Reviewed by CPC4eva
Set in the old Wild West, this is a run-and-gun, shoot to kill-style game which was only released in France. The objective is to run to the end of each level while trying to avoid losing your five lives. Along the way you must avoid enemy cowboys shooting bullets and throwing knives at you. There are five levels but the gameplay is very repetitive; nothing changes between levels except some of the backgrounds. If the game wasn’t hard enough, a large vulture sometimes appears and drops a stick of dynamite above you which is difficult to avoid. The graphics suit the style of the game but the movement and scrolling are jerky and slow. The controls are not very responsive, which meant I was losing lives quite easily. There is a French-style Wild West tune playing but it doesn’t add much improvement to the game.
Reviewed by Robert Small
A surprisingly good windsurfing game from Silmarils. The game is very nicely presented – from the title screen through to the game options, you can tell they have tried hard. The music and sound effects are both good and the in-game graphics are very colourful with nice backgrounds, and there’s a wide variety of obstacles and good scrolling. The variety continues into the gameplay with you slaloming through buoys, racing and performing tricks (there’s even a panel of judges that award points and they are represented on screen). Hitting an obstacle can be frustrating but considering the topic of the game I think they have done a good job.
Reviewed by Javier Sáez
Imagine a very simple flight simulator with the graphic appearance of a side-scrolling shoot-’em-up, and you have Wings of Fury. The game seemed quite appealing at first, as the simulation touch made me expect an original game. Besides, the action takes place during World War II, which is always a good thing, at least for me. After a few tries, I took off and found that this game, being a sort of toy simulator, lacks the action other games have (just take a look at P47 Thunderbolt), but doesn’t offer anything really interesting in return. As a result, Wings of Fury is simply a curious game with rather dull gameplay.

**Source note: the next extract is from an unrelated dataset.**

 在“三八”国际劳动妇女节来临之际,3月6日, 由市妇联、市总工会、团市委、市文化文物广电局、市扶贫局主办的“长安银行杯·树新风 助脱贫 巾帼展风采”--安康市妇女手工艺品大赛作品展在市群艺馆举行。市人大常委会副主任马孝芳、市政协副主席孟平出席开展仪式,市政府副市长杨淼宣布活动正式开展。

You and up to three other players can compete in seven winter-themed events – hot dog aerials, biathlon (cross-country skiing and rifle shooting), speed skating, figure skating, the ski jump, free skating, and the bobsled. Understandably, everyone will find some events to be more appealing to them than others. I didn’t like the figure skating or free skating events at all, but the other five events are great fun to play as you try to perfect them and beat the records. The graphics are a mixture of low- and medium-resolution, but in the four events where high-colour, low-resolution Mode 0 graphics are used, they are absolutely stunning – some of the best you’ll see on a CPC.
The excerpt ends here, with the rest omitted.